The first pressure sensor P1 may be coupled to sense the fluid
pressure at the fluid supply node 16. The first pressure signal PS1
may provide a direct indication of the fluid supply pressure from
the active supply source, as described later. The second pressure
sensor P2 may be coupled to sense the fluid pressure at the first
coupling port 18a. The second pressure signal PS2 may provide an
indication of the pressure applied to the cooling device 12 in
normal use, and may also be used to pressure-test the cooling
device 12 to detect leaks, as described later.
[0028] The electronic control unit 26 may further receive one or
more input and/or command signals from a remote control device 28.
The remote control device may, for example, be a foot switch. An
advantage of a foot switch is that an operator may control the
apparatus 10 without contaminating his or her hands, if the
operator requires sterile conditions to be maintained.
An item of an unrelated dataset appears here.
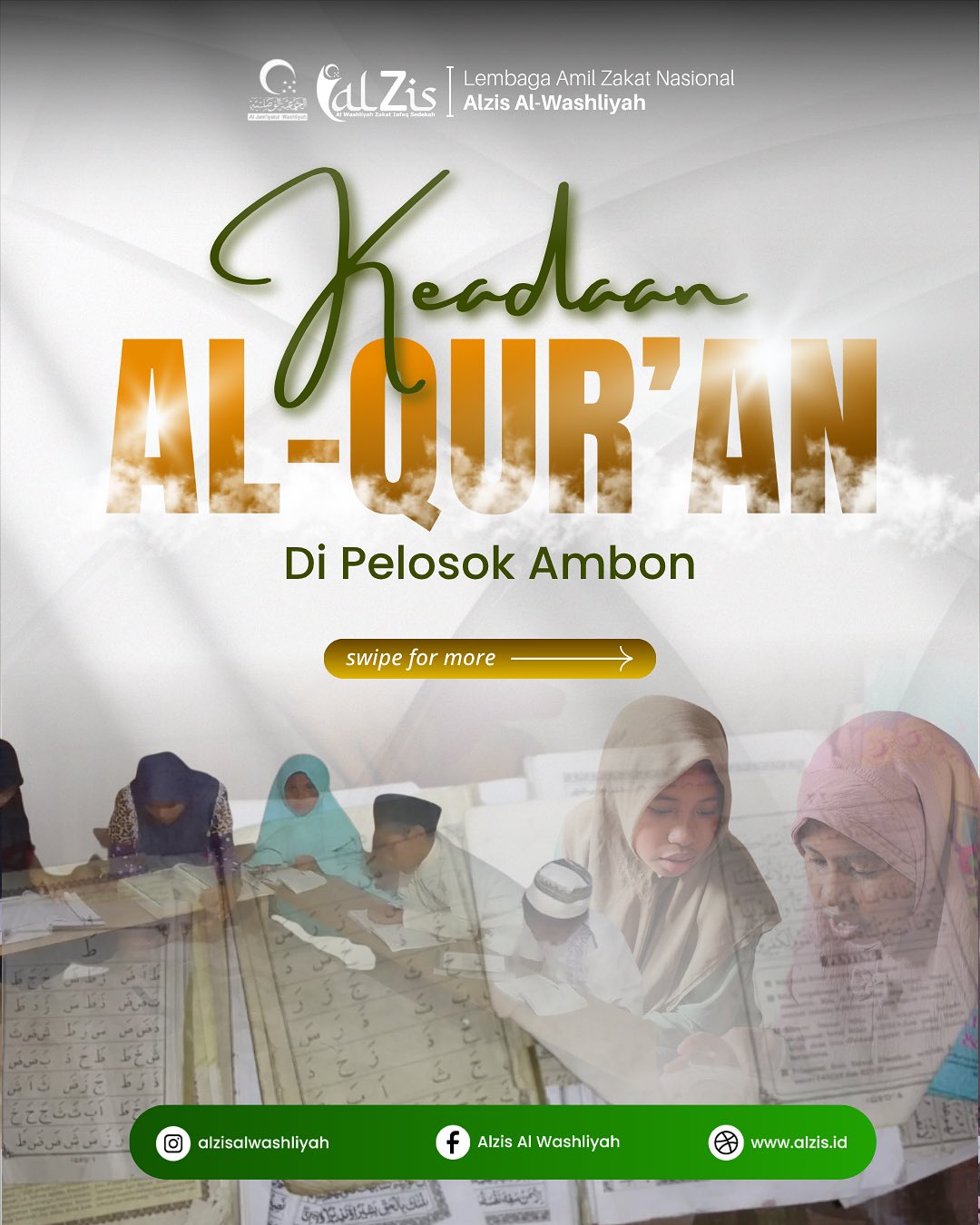 Mari bersama Lembaga Amil Zakat Nasional (LAZNAS) Alzis Al Washliyah menyalakan cahaya Al-Qur’an hingga ke pelosok Ambon. Satu mushaf yang Anda sedekahkan akan menjadi sumber cahaya dan pahala yang terus mengalir, menerangi kehidupan mereka kini dan nanti.

The
electronic control unit 26 may further receive one or more input
and/or command signals from input switches 30 mounted on a control
panel of the apparatus 10. The electronic control unit 26 may
further receive a temperature signal from a temperature sensor (not
shown) if such a temperature sensor is provided in the cooling
device 12.
[0029] Referring to FIG. 2, the control unit 26 may control the
apparatus 10 in one or more operation modes. The modes may include
rest mode 31, a pressure test mode 32, a purge mode 34, a freeze or
cooling mode 36, a thaw or heating mode 38, a backflush mode 40
and/or an unblock mode 59. The rest mode 31 may correspond to the
fail-safe condition of the first to fourth valves V1-V4. The
operation cycles of the apparatus 10 may begin and/or end (e.g.,
loop back to) the rest mode 31.
[0030] When a cooling device 12 may be connected to the coupling
18, the control unit 26 may firstly initiate the test mode 32 to
test whether the cooling device is adequately pressure tight.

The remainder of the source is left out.